Received Date: November 02, 2016; Accepted Date: November 09, 2016; Published Date: November 16, 2016
Citation: Yaqoob U, Kaul T, Pandey S, Nawchoo IA (2016) In-silico Characterization, Structural Modelling, Docking Studies and Phylogenetic Analysis of 5-Enolpyruvylshikimate-3-Phosphate Synthase Gene of Oryza sativa L. Med Aromat Plants (Los Angel) 5:274. doi: 10.4172/2167-0412.1000274
Copyright: © 2016 Yaqoob U, et al. This is an open-access article distributed under the terms of the Creative Commons Attribution License, which permits unrestricted use, distribution, and reproduction in any medium, provided the original author and source are credited.
Visit for more related articles at Medicinal & Aromatic Plants
The 5-enolpyruvylshikimate-3-phosphate synthase (EPSPS) is one of the vital enzymes of the shikimate pathway which is involved in the biosynthesis of secondary metabolites and several amino acids. The multiple sequence alignment of these EPSPS protein sequences from different plants showed conserved regions at different stretches with maximum homology in amino acid residues. We revealed the homology model of Oryza sativa EPSPS (OsEPSPS) protein using the structure of E. coli EPSPS as template. The resulting model structure was refined by PROCHECK, RAMPAGE server, ProSA, Verify3D etc. that indicated the model structure is reliable. Ramachandran plot analysis showed that conformations for 94.3% of amino acid residues are within the most favoured regions. Through motif analysis, it was revealed that a conserved EPSPS domain is uniformly found in all EPSPS proteins irrespective of variable plant species suggesting its possible role in cellular and metabolic functions. The phylogenetic tree constructed revealed different clusters based on EPSPS in respect of bacteria, monocot and dicot plants. The interacting partners of the gene shows the importance of this gene family in regulating developmental and metabolic functions. The two conserved motifs LP(G/S)KSLSNRILLLAAL and LFLGNAGTAMRPL present in almost all EPSPS plant species may function as the catalytic domains of EPSPS enzymes and are supposed to contribute in the glyphosate binding site.
The 5-enolpyruvylshikimate-3-phosphate synthase (EPSPS), one of the key enzymes of the shikimate pathway is involved in the biosynthesis of several aromatic amino acids (Phenylalanine (Phe), Tyrosine (Tyr) and Tryptophan (Trp)) and other secondary products (auxin, salicylate, folic acid, phytoalexins, flavonoids, alkaloids etc.) essential for plant survival . It is also verified as a specific target of broad spectrum herbicide glyphosate (N-phosphonomethyl glycine) . EPSPS (aroA) plays a central role in catalysing the transfer of enolpyruvyl moiety from phosphoenol pyruvate (PEP) to shikimate-3-phosphate (S3P) forming EPSP and inorganic phosphate . The reaction is chemically infrequent because it proceeds via C–O bond cleavage of phosphoenol pyruvate rather than via P–O bond cleavage . Glyphosate (GPJ) inhibits EPSPS in a slowly reversible reaction, which is competitive with respect to PEP and uncompetitive with respect to S3P [5,6]. In most of the crops and weeds, glyphosate can starve the plants of aromatic amino acids by competitively inhibiting the binding of EPSPS with PEP. Mutagenesis of EPSPS was done in various species so as to obtain glyphosate-tolerant EPSPS like proline-106 to serine in E. indica , proline-106 to leucine in N. tabacum , glycine-100 to alanine in agrobacterium sp. strain CP4 , proline-101 to serine in N. tabacum . The occurrence of shikimate pathway in algae, bacteria, fungi and plants makes EPSPS a principal target for rising herbicide-resistant genetically modified crops . Thus understanding its mechanism for regulating metabolic and developmental processes in diverse plant species would be a great revolution for engineering new herbicides, developing glyphosate resistant crops, new antibiotic and anti-parasitic drugs.

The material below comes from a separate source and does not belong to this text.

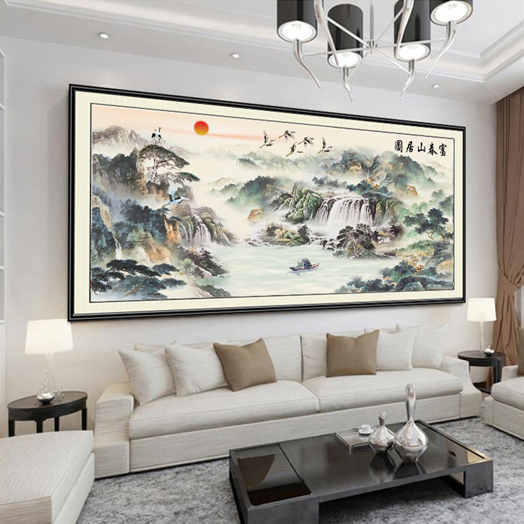 Welcome guest pine thread embroidered cross embroidered 2021 new embroidered water raw and rich living room landscape scenery Fuchun Mountain Gutu

Comparative modelling and structural analysis
The reference sequence of EPSPS from Oryza sativa was retrieved by using NCBI database (http://www.ncbi.nlm.nih.gov). By searching the PDB of known protein structures, the comparative modelling was performed with target sequence as the query . The target sequence was searched for similar sequence using the BLAST (Basic Local Alignment Search Tool)  against Protein Database (PDB) (http:// www.rcsb.org). The best template for query sequence was recognized based on the e-value, % sequence identity and % sequence coverage. The BLAST results yielded X-ray structure of EPSPS from E. coli with 53% similarity to our target protein (OsEPSPS). Using ClustalW , all the sequences of EPSPS were aligned to find out the similarity present among the sequences. 2D and 3D structure alignment was carried out using ClustalW  and MATRAS 1.2 , respectively. The sequences of the EPSPS were further analysed for the presence of specific EPSPS domains and motifs through motifscan (myhits.isbsib. ch/cgi-bin/motif scan) and scan prosite (Prosite.expasy.nlm.nih. gov). Analysis of conserved motifs was done by MEME version 3.5.7  using minimum and maximum motif width of 20 and 50 residues respectively and maximum number of 7 motifs, keeping rest of the considerations at default. Via Modeller 9.12 by comparative modelling of protein structure prediction, the theoretical structure of OsEPSPS from was generated.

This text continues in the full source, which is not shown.